To avert a potential financial catastrophe, this demanded serious soul-searching on the part of authorities and the Central Bank thought of establishing a special purpose vehicle, the Zimbabwe Asset Management Corporation (ZAMCO) with the aim of buying out NPLs from distressed banks and clean-up banks’ balance sheets.
Financial experts were sceptical, with fears that the move would perpetuate market indiscipline on the part of debtors to these NPLs, and the new Finance Minister, Mthuli Ncube in his maiden Budget Statement would call for its disbandment.
By 2017, NPLs had slipped to 8.63 percent from 20.5 percent in 2014, though despite this tremendous clean up, critics blamed the Governor for using public funds to clear the burden of a few bad debtors.
To date, 1 160 NPLs have been bought at a value of $ 1.13 billion, and this is public money that should have been channelled towards development.
Up next was the bond notes currency, which set the hallmark of Dr Mangudya’s tenure in office.
Initially, Dr Mangudya told the nation that the Bank had secured a US$ 200 million facility from the Cairo-based Afrexim Bank to improve liquidity on the market which would back the bond note currency and give it a 1:1 valuation with the American Dollar.
He went on to assure the nation that unlike his predecessor, he would not frequent the money printing machine beyond the $ 200 million.
For a little while it worked, but as the remaining USD currency further disappeared just as economic experts has earlier warned, another US$ 300 million worth of bond notes were printed and more followed.
Economic experts had earlier warned of the Gresham’s law, a concept where bad money (bond notes) drives out good money (USD) in an economy, to which Dr Mangudya in defense of his currency invention said, “If the bond notes fail, I will resign,”
Among other shortcomings, Dr Mangudya has been criticised for contracting debt for the Bank of close to US$ 2 billion from external creditors without seeking Parliamentary approval.
While the Reserve Bank Act states that the Governor through the Minister of Finance’s consent can secure lines of credit from external financiers on behalf of the RBZ, the Act remains subservient to the Constitution of Zimbabwe, which states that any external borrowing should get consent from Parliament.
While it is easy to criticise Dr Mangudya, it can only be fair to note that his is a difficult mandate, with a razor-thin margin between operating within the confines of a technocrat and finding yourself scatting on political territory.
Unlike like his predecessor, Dr Mangudya has managed to contain himself well, sticking to what he knows best, the economics.
Dr Mangudya remains one of the true patriots left, and in his execution of duty he shows a poignant approach to issues bedevilling this economy.

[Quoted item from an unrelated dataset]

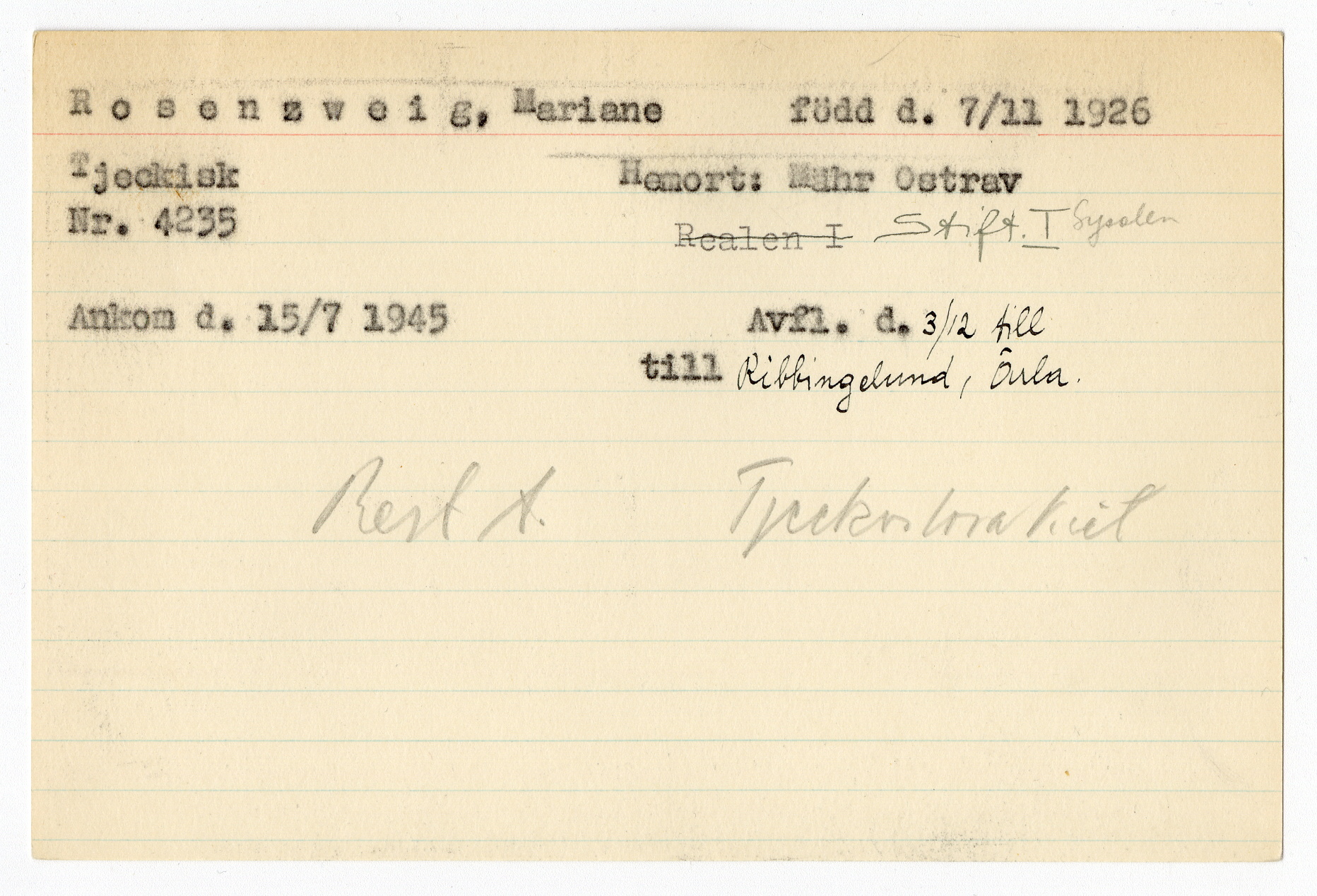 Registerkort Mariane Rosenzweig

Before the new administration of President Emmerson Mnangagwa came in and gave a three month moratorium to all those suspected of having externalised funds from the market, Dr Mangudya had long warned of this sad development as early as 2014.

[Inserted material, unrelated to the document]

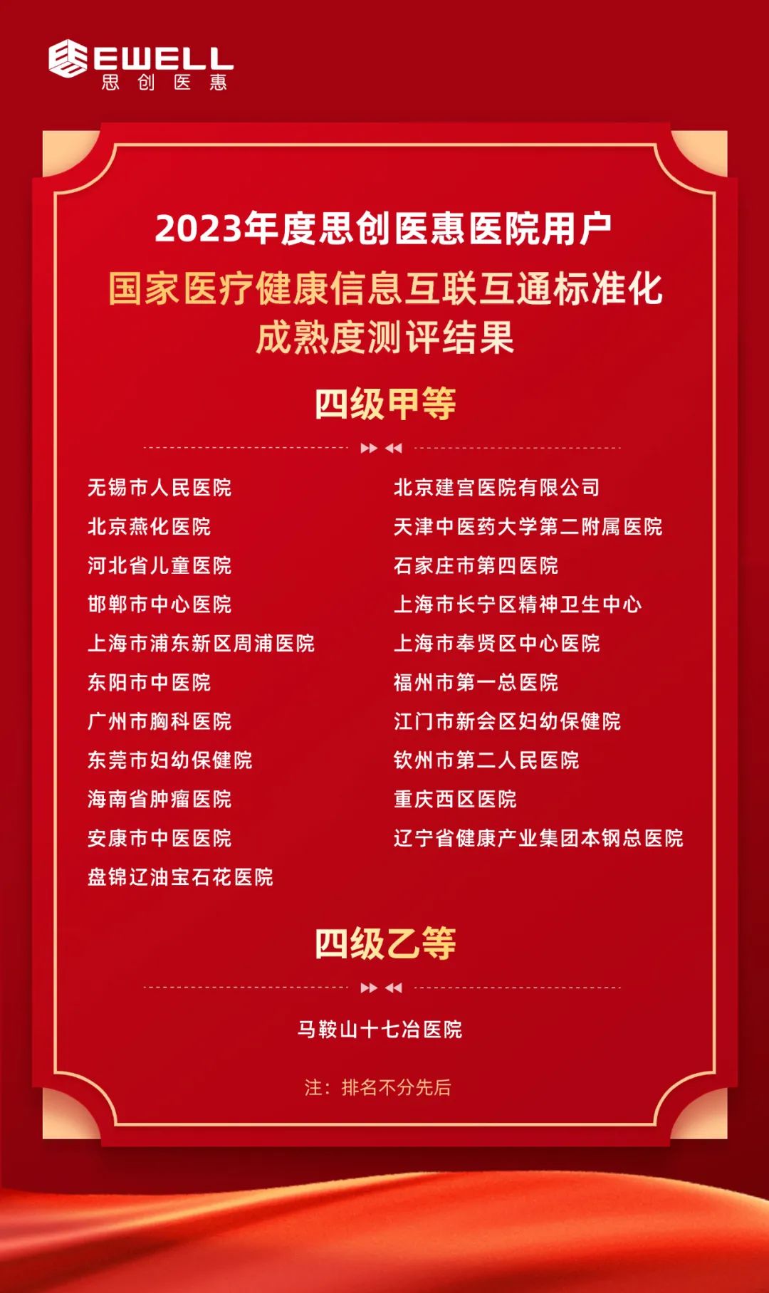 近日,国家卫生健康委统计信息中心发布《关于2023年度国家医疗健康信息互联互通标准化成熟度测评结果公示的通知》,对参加测评的16个区域和259家医院测评结果进行了公示,目前公示期已结束。思创医惠全资子公司医惠科技助力22家医院通过本次测评。

“We see huge sums of money being wired on a daily basis from our systems at the Central Bank. You wonder what business is being conducted here,’ he said back then.
As it later turned political, post November 2017, externalisation was real but needed political will from higher offices than his to deal with the scourge.
Dr Mangudya begins his second tenure with much sophisticated problems.
The country’s foreign reserves are depleted, inflation is sky-rocketing, fuel challenges and a huge confidence deficiency in the economy.
One of his major forte is that Dr Mangudya is a defiant man, who sticks to his guns until he achieves what he set out to do just as he sanitised the banking sector of NPLs in the face of criticism to introducing the bond note currency which has managed to sustain this economy ever since the greenback disappeared from the market.
With analysts saying focus should be shifted towards building foreign reserves to sustain the transition to the new RTGS Currency, and also tackle the foreign exchange conundrum, the verdict has been cast, and Mangudya has a chance to do right his past wrongs.